**Source data**
************

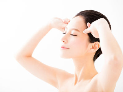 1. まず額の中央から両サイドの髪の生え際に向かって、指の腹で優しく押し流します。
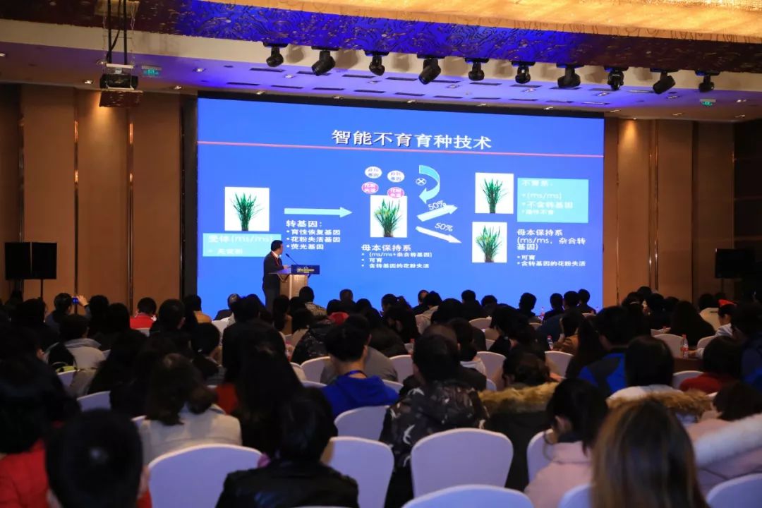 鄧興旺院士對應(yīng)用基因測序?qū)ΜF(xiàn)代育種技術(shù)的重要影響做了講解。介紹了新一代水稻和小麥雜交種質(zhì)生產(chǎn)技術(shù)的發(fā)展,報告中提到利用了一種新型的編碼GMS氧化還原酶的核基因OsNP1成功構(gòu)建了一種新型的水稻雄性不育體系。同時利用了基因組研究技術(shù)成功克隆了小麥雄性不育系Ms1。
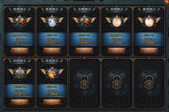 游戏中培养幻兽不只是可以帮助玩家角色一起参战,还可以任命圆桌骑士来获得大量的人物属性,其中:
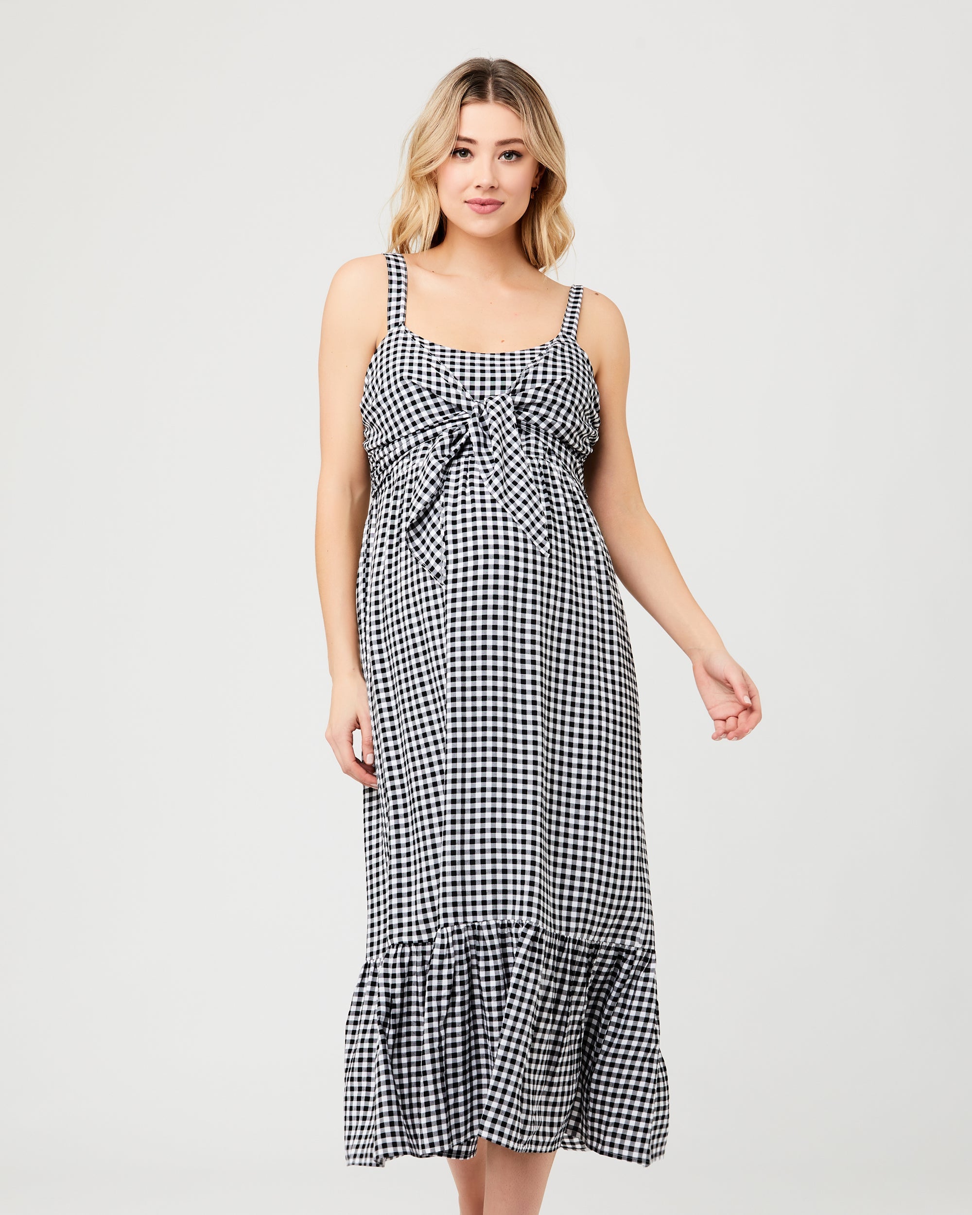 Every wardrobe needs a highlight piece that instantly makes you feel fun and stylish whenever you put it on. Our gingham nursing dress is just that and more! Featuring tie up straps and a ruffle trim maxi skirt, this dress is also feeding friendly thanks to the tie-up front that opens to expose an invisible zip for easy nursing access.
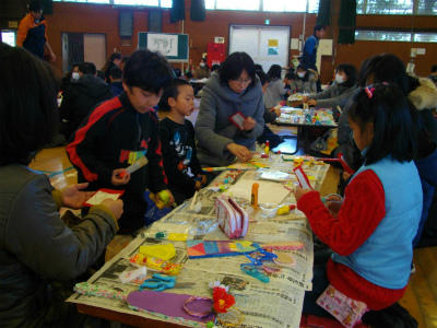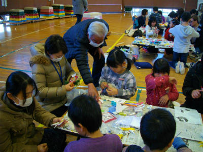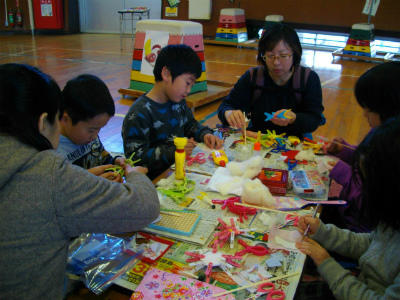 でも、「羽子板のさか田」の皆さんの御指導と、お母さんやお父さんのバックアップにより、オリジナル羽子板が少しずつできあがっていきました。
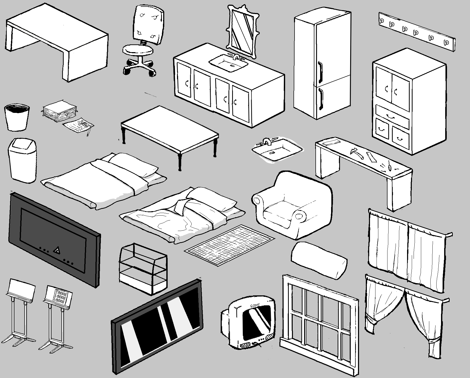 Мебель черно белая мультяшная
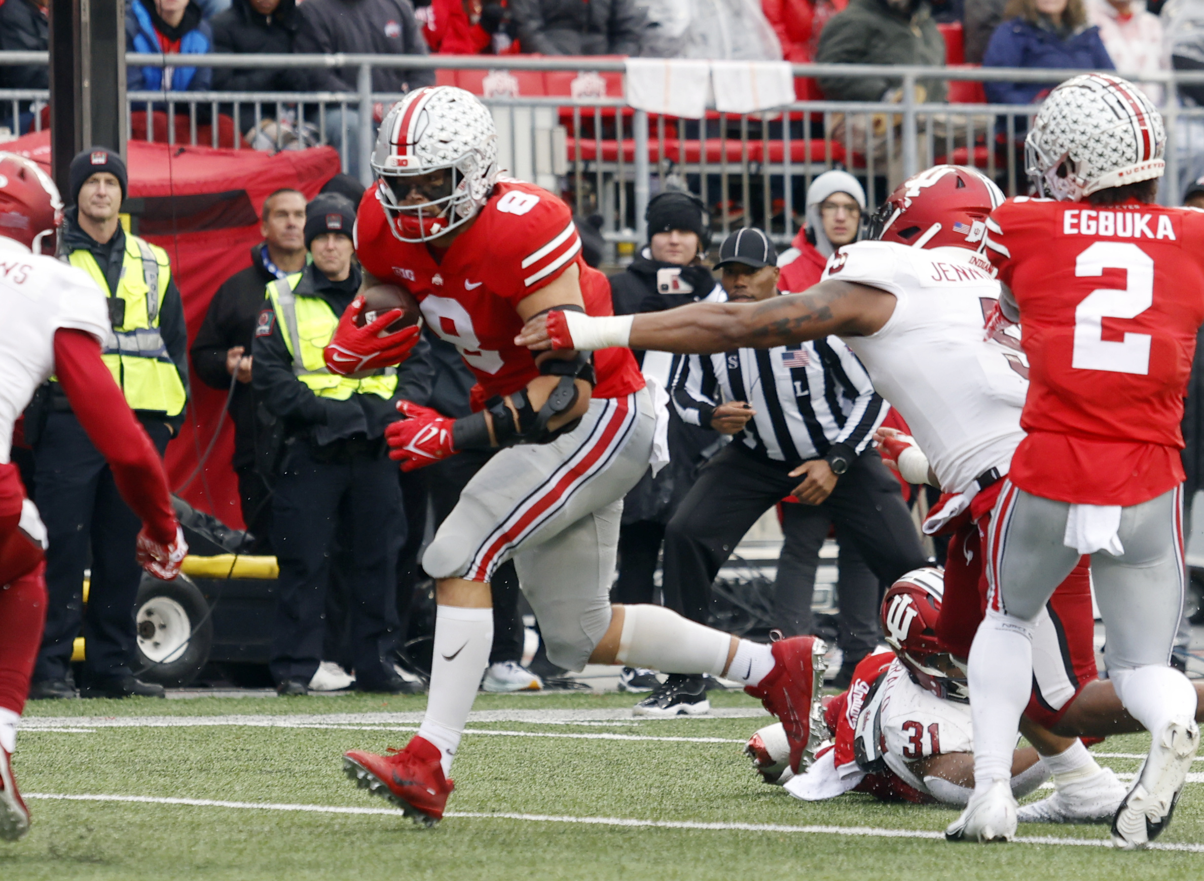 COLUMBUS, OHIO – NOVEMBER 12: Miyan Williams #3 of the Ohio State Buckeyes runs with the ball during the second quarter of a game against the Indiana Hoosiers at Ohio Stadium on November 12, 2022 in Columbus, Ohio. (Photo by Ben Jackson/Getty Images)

************

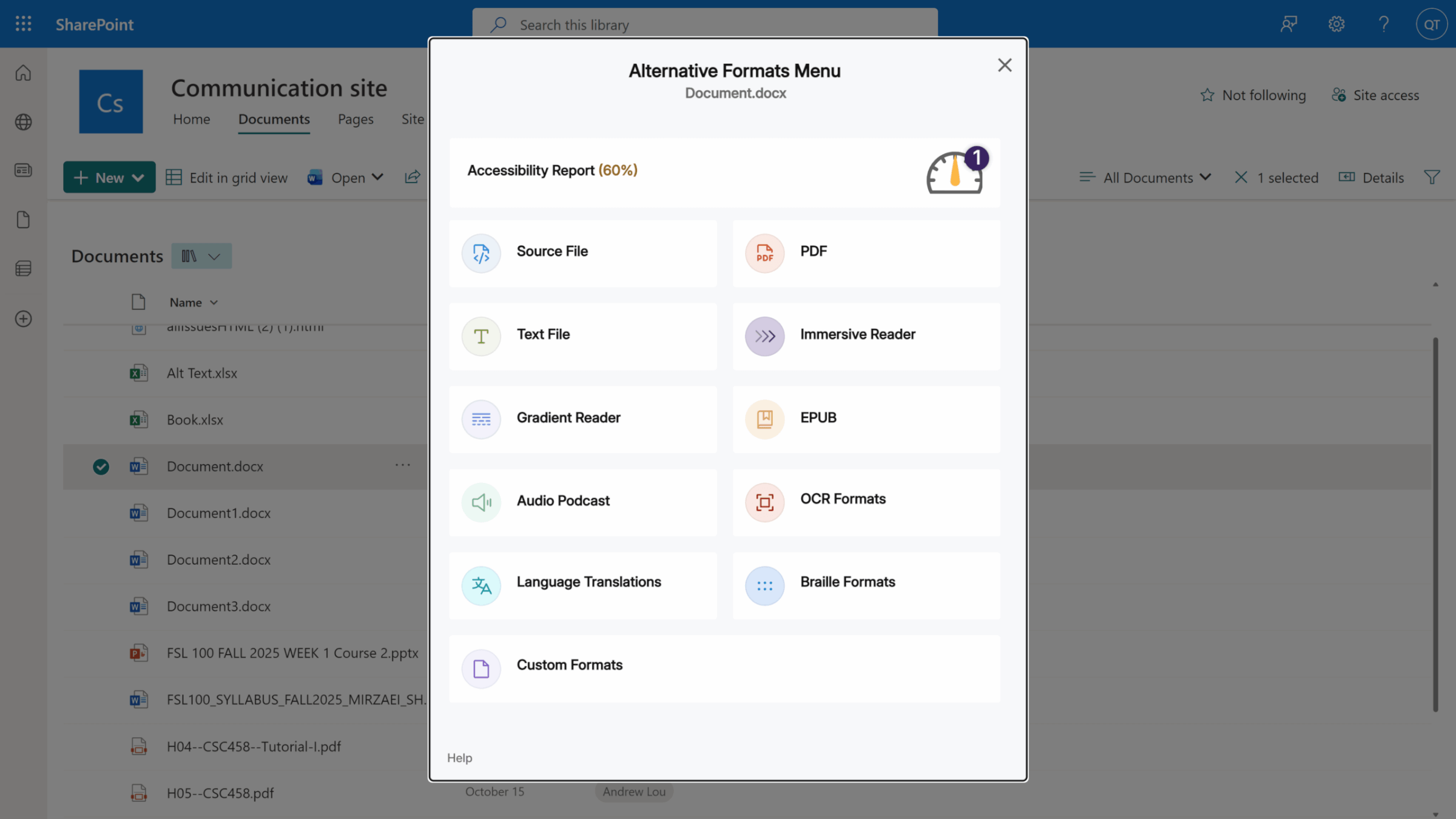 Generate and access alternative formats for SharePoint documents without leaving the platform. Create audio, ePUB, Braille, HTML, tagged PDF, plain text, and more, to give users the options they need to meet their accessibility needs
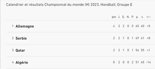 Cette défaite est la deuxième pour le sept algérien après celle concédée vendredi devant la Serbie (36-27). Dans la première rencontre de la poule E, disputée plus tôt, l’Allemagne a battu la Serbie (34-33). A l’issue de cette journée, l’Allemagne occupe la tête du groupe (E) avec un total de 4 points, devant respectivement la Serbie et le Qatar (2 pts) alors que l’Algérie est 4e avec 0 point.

************

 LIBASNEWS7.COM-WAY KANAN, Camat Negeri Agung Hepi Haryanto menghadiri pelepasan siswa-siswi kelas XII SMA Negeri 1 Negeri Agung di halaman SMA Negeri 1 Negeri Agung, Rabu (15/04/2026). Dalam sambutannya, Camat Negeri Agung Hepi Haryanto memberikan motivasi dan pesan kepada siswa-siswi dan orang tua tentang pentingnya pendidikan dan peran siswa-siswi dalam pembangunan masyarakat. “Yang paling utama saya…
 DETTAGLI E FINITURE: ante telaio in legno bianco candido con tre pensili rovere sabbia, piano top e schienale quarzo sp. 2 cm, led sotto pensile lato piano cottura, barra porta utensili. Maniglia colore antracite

************

**What the task requires**
From the material above, output only the span of lines that starts at the one containing "Мебель черно белая мультяшная" and finishes at the one containing "COLUMBUS, OHIO –", word for word and free of pictures.

**Expected answer**
 Мебель черно белая мультяшная
 COLUMBUS, OHIO – NOVEMBER 12: Miyan Williams #3 of the Ohio State Buckeyes runs with the ball during the second quarter of a game against the Indiana Hoosiers at Ohio Stadium on November 12, 2022 in Columbus, Ohio. (Photo by Ben Jackson/Getty Images)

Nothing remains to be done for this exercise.